■ **Exercise instructions**
Below this line is a listing that includes pictures. Copy exactly, and only, the lines from the one containing "Card number 125/086" through the one containing "- 再生回数を増やすため:動"; the pictures do not go in the copy.

■ **Material for this task**
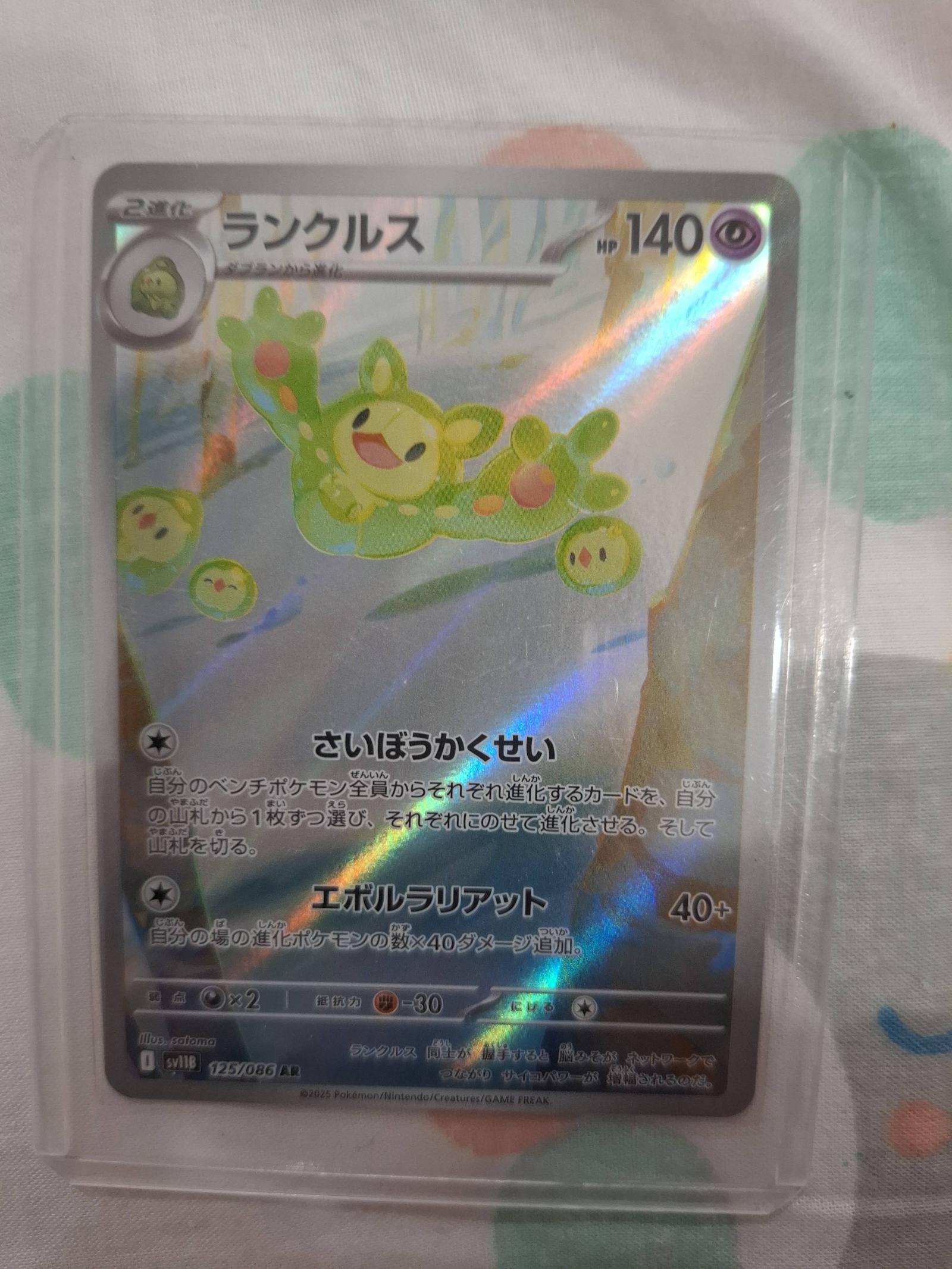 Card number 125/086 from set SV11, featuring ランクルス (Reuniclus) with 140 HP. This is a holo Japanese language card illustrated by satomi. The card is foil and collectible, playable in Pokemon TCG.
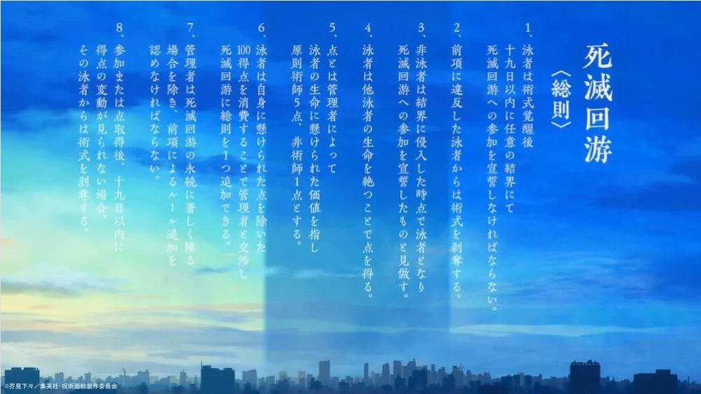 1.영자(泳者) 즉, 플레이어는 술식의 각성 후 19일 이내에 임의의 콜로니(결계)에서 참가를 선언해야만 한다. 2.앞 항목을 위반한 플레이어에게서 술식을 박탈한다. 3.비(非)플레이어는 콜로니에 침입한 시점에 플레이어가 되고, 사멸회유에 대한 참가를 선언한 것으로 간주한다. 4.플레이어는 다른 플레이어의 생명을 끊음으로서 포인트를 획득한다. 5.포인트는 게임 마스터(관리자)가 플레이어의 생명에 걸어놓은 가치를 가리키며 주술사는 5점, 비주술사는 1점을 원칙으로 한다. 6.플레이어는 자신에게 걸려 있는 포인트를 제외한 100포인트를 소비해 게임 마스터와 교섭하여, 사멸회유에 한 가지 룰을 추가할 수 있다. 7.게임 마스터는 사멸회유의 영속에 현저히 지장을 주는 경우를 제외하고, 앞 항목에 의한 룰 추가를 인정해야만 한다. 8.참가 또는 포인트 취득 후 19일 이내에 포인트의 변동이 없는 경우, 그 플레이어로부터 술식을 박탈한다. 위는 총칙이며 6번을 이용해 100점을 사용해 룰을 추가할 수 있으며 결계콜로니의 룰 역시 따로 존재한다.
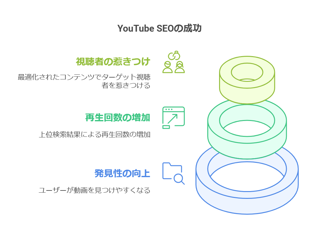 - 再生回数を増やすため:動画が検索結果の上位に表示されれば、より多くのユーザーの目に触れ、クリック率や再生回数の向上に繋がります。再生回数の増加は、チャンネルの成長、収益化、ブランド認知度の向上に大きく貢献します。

* * *

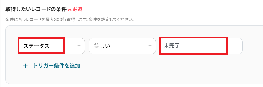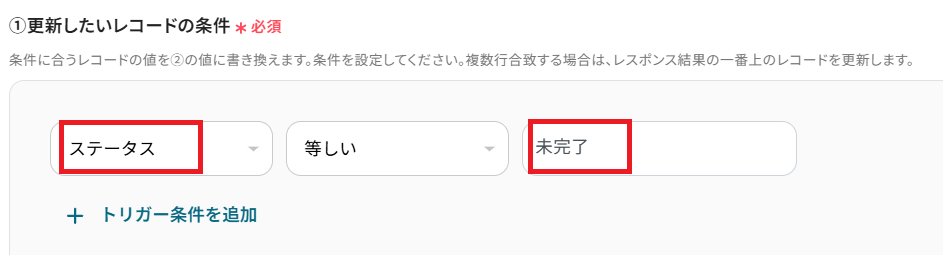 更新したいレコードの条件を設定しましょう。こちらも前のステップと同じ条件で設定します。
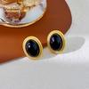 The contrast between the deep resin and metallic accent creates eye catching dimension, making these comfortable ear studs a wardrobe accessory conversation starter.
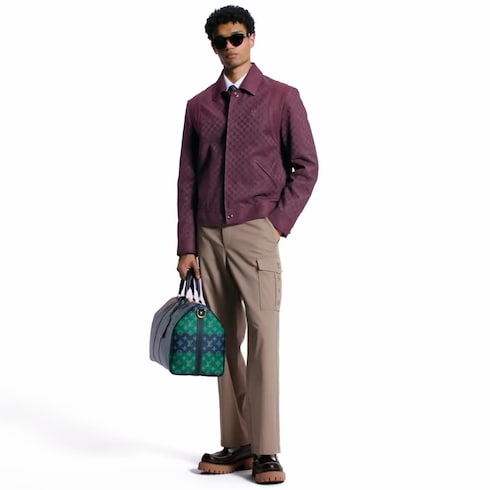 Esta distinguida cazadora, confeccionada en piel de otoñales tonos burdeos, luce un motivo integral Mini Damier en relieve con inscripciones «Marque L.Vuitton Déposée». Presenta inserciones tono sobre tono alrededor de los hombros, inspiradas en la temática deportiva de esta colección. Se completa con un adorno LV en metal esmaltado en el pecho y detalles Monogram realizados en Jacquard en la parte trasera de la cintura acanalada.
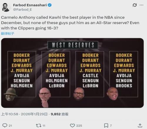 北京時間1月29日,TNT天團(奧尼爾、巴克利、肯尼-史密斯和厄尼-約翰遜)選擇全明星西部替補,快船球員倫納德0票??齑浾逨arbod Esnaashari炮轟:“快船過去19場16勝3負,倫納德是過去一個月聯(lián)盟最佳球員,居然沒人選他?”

■ **Task result**
 Card number 125/086 from set SV11, featuring ランクルス (Reuniclus) with 140 HP. This is a holo Japanese language card illustrated by satomi. The card is foil and collectible, playable in Pokemon TCG.
 1.영자(泳者) 즉, 플레이어는 술식의 각성 후 19일 이내에 임의의 콜로니(결계)에서 참가를 선언해야만 한다. 2.앞 항목을 위반한 플레이어에게서 술식을 박탈한다. 3.비(非)플레이어는 콜로니에 침입한 시점에 플레이어가 되고, 사멸회유에 대한 참가를 선언한 것으로 간주한다. 4.플레이어는 다른 플레이어의 생명을 끊음으로서 포인트를 획득한다. 5.포인트는 게임 마스터(관리자)가 플레이어의 생명에 걸어놓은 가치를 가리키며 주술사는 5점, 비주술사는 1점을 원칙으로 한다. 6.플레이어는 자신에게 걸려 있는 포인트를 제외한 100포인트를 소비해 게임 마스터와 교섭하여, 사멸회유에 한 가지 룰을 추가할 수 있다. 7.게임 마스터는 사멸회유의 영속에 현저히 지장을 주는 경우를 제외하고, 앞 항목에 의한 룰 추가를 인정해야만 한다. 8.참가 또는 포인트 취득 후 19일 이내에 포인트의 변동이 없는 경우, 그 플레이어로부터 술식을 박탈한다. 위는 총칙이며 6번을 이용해 100점을 사용해 룰을 추가할 수 있으며 결계콜로니의 룰 역시 따로 존재한다.
 - 再生回数を増やすため:動画が検索結果の上位に表示されれば、より多くのユーザーの目に触れ、クリック率や再生回数の向上に繋がります。再生回数の増加は、チャンネルの成長、収益化、ブランド認知度の向上に大きく貢献します。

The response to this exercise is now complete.